A scenario with repeating formulas is somewhat idealized; in practice, most formulas will be distinct. Fortunately, formulas in spreadsheets usually have a defined structure and share some patterns. Neighboring cells often contain similar formulas, especially after filling cells using a fill handle (that little square in the bottom right corner of a visual cell representation). For example:

  • B2=A2-C2+B1
  • B3=A3-C3+B2
  • B4=A4-C4+B3
  • B5=A5-C5+B4
  • and so on...

Although the exact ASTs for these formulas are different, they share a common pattern. A very useful approach here is to rewrite a formula using relative addressing of cells.

# Relative addressing

HyperFormula stores the offset to the referenced formula. For example B2=B5 + C1 can be rewritten as B2=[B+0][2+3] + [B+1][2-1] or in short B2=[0][+3] + [+1][-1]. Then, the above example with B2,B3, and B4 can be rewritten as B2=B3=B4=[-1][0] - [1][0] + [0][-1]. Now the three cells have exactly the same formulas.

By using relative addressing HyperFormula unifies formulas from many cells. Thanks to that, there is no need to parse them all over again. Also, with this approach, the engine doesn't lose any information because by knowing the absolute address of a cell and its formula with relative addresses, it can easily retrieve the absolute addresses and compute the result.

# Laziness of CRUD operations

After each CRUD operation, like adding a row or column or moving cells, references inside formulas may need to be changed. For example, after adding a row, we need to shift all references in the formulas below like so:

In more complex sheets this can lead to similar transformations in many formulas at once. On the other hand, such operations do not require an immediate transformation of all the affected formulas.

Instead of transforming all of them at once, HyperFormula remembers the history of the operations and postpones the transformations until the formula needs to be displayed or recalculated.

# Handling ranges

In many applications, you may want to use formulas that depend on a large range of cells. For example, the formula SUM(A1:A100)+B5 depends on 101 cells and it needs to be represented in the graph of cell dependencies accordingly.

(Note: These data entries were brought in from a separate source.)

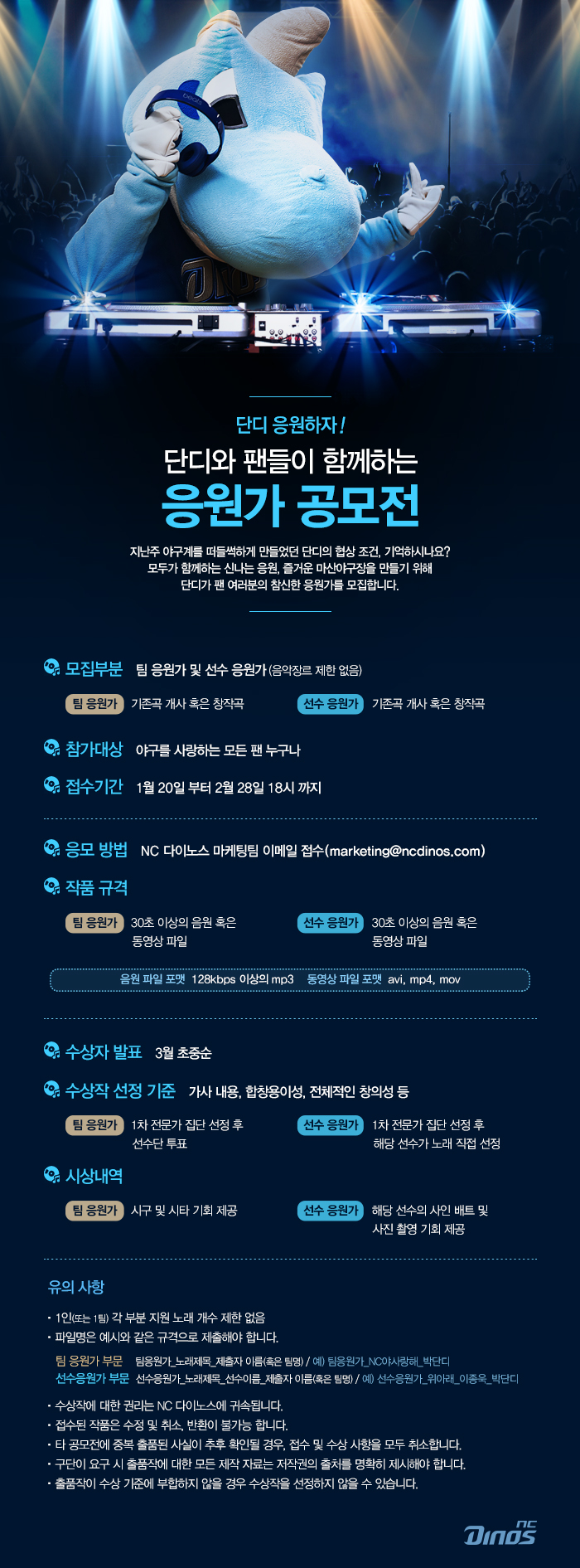 NC '2016시즌 응원가 공모전'은 팀 응원가와 선수 응원가 모두가 대상이다. 창작곡과 기성곡 개사 2부문으로 열린다.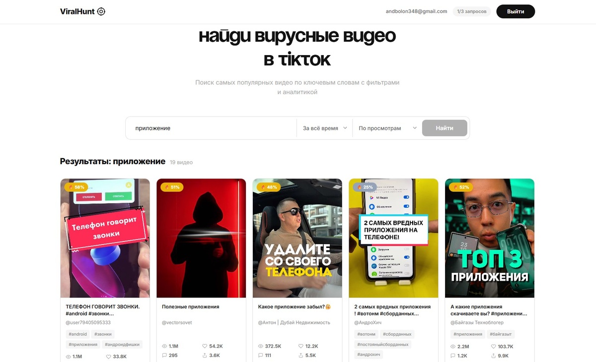 🎵 Чтобы не тратить время на тесты идей из головы, лучше взять ту, которую уже оценили. Так шансы на попадание в рекомендации значительно повышаются: https://app.viralhunt.ru/
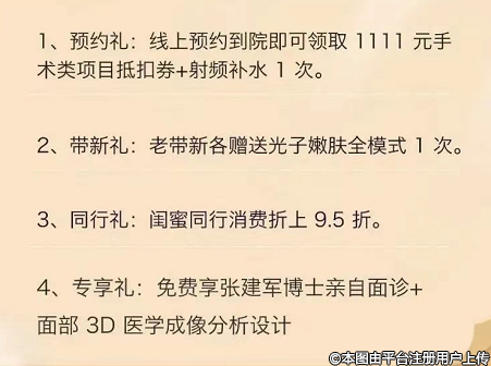 廣州博仕知美的雙十一特惠活動,線上預約即可領取超大優(yōu)惠,更多好禮還等你來搶,變美計劃不容錯過。

An interesting optimization challenge arises when the are multiple cells that depend on large ranges. For example, consider the following use-case:

  • B1=SUM(A1:A1)
  • B2=SUM(A1:A2)
  • B3=SUM(A1:A3)
  • ...
  • B100=SUM(A1:A100)

The problem is that there are 1+2+3+...+100 = 5050 dependencies for such a simple situation. In general, for n such rows, the engine would need to add n*(n+1)/2 ā‰ˆ nĀ² arcs in the graph. This value grows much faster than the size of data, meaning the engine would not be able to handle large data sets efficiently.

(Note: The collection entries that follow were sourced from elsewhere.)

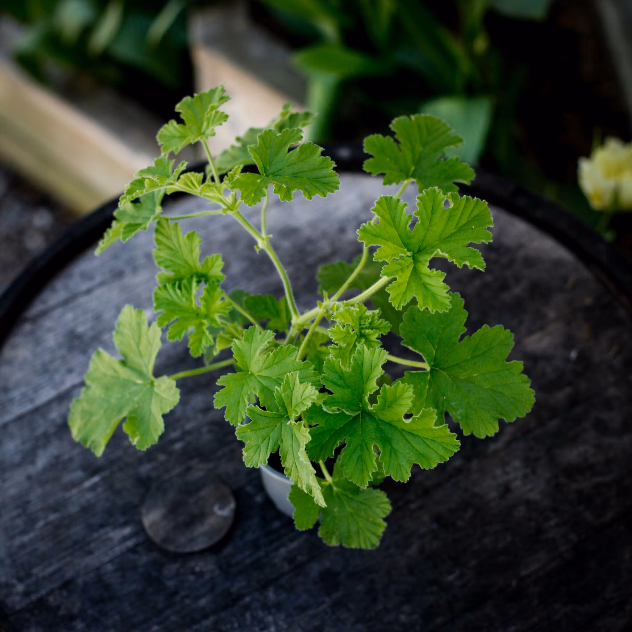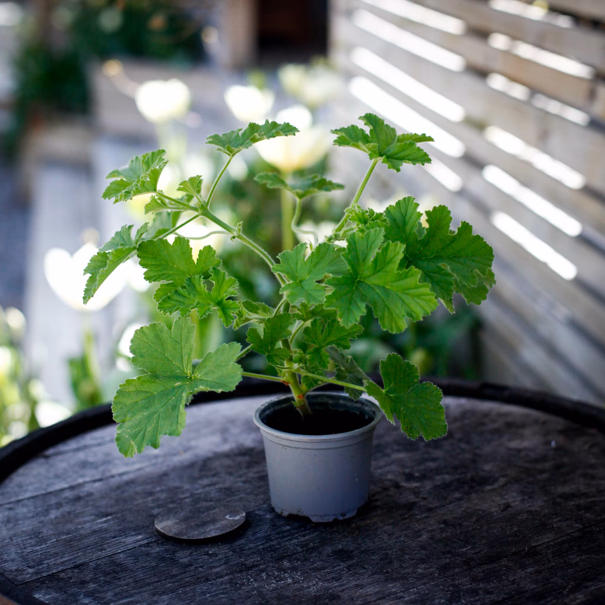 Upptäck Pelargonium 'Attar of Roses', en doftpelargon med ros- och citrondoft. Perfekt för stora krukor, växthus och kulinariska äventyr. 🌿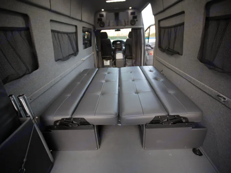 We spared no expense with this swiss army knife for compact and highly mobile content production and outdoor adventuring.Meet The AdventurahThis 4x4 Mercedes Sprinter diesel is ideal as a mobile base, and can be kitted out with a variety of different options to meet your usage needs. Roof platform - outdoor shower - 27" TV - 14 studio quality speakers - fridge- USB chargers - exterior working lights- awning - changing area - wifi - 8 power outlets- legal seating for 10-Bed for 2- Sleeping Area for 4- Stand up paddle racks. This Vehicle is the perfect California adventure Mobile.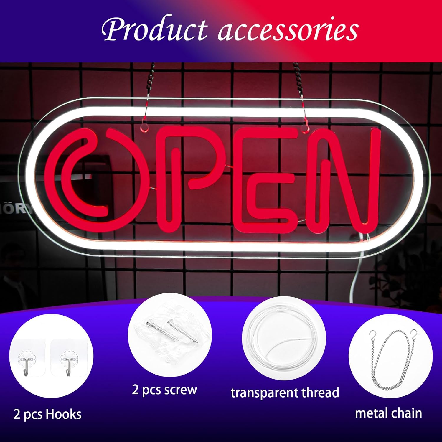 Easy to Install: Our open neon sign package includes an expansion screws*2, 80cm suspension chain*1, and strong sticky hooks*2, a 78.74 in foot long USB port power cord. There are two pre-drilled holes on acrylic backboard for easy hanging anywhere you want to display, then plug in and turn on the switch, and your storefront window will instantly light up with a dazzling new sign.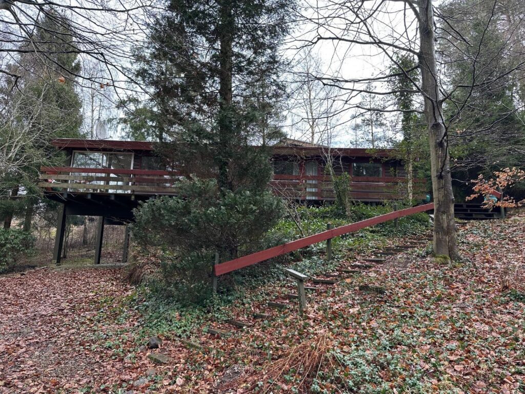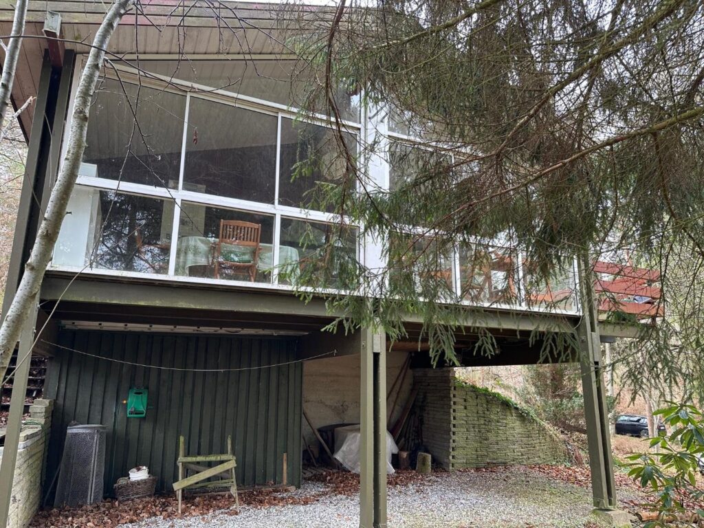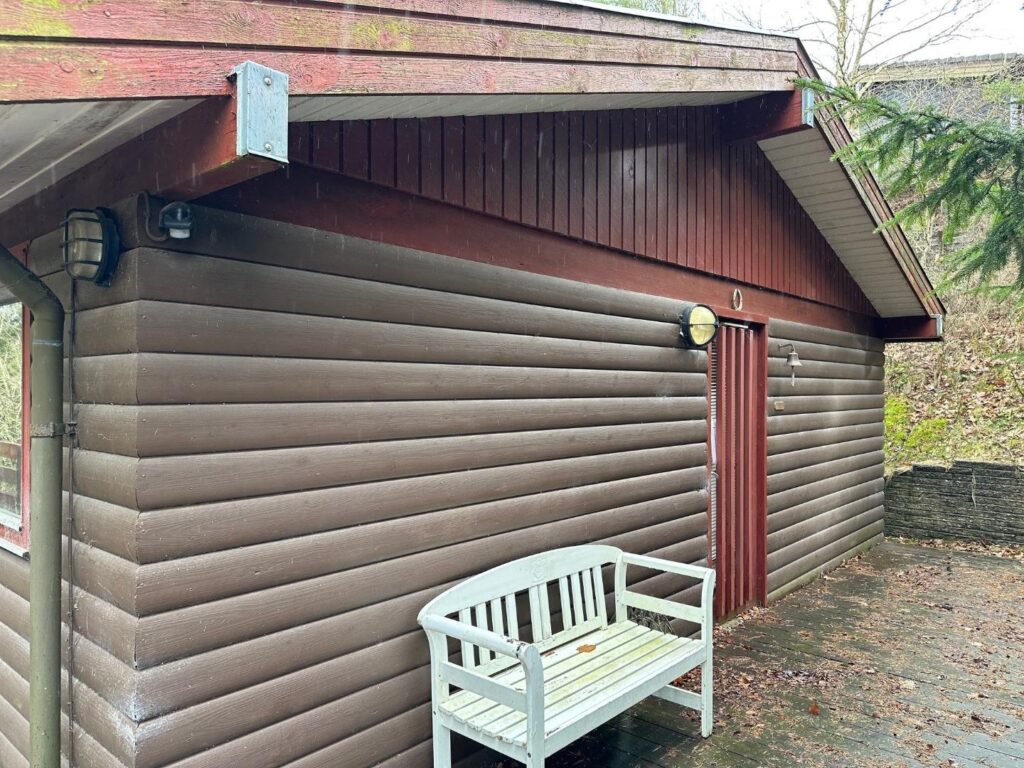 Ejendommen er udvendig opført i træ/træbeklædning med udvendig træ-gang og træ-terrasse.
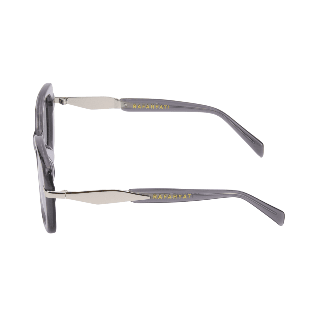 • Branches :Finition en acétate gris translucide, agrémentée d’un insert métallique argenté pour une allure luxueuse. Gravure dorée « Rafahyati » sur la branche gauche, signature d’un design exclusif.

A solution to this problem comes from the observation that there is a way to rewrite the above formulas to equivalent ones, which will be more compact to represent. Specifically, the following formulas would compute the same values as the ones provided previously:

  • B1=A1
  • B2=B1+A2
  • B3=B2+A3
  • ...
  • B100=B99+A100

Whereas this example is too specialized to provide a useful rule for optimization, it shows the main idea behind efficient handling of multiple ranges: to represent a range as a composition of smaller ranges.

In the adopted implementation, every time the engine encounters a range, say B5:D20, it checks if it has already considered the range which is one row shorter. In this example, it would be B5:D19. If so, then it represents B5:D20 as the composition of a range B5:D19 and three cells in the last row: B20,C20 and D20.

More generally, the result of any associative operation is obtained as the result of operations for these small rows. There are many examples of such associative functions: SUM, MAX, COUNT, etc. As one range can be used in different formulas, we can reuse its node and avoid duplicating the work during computation.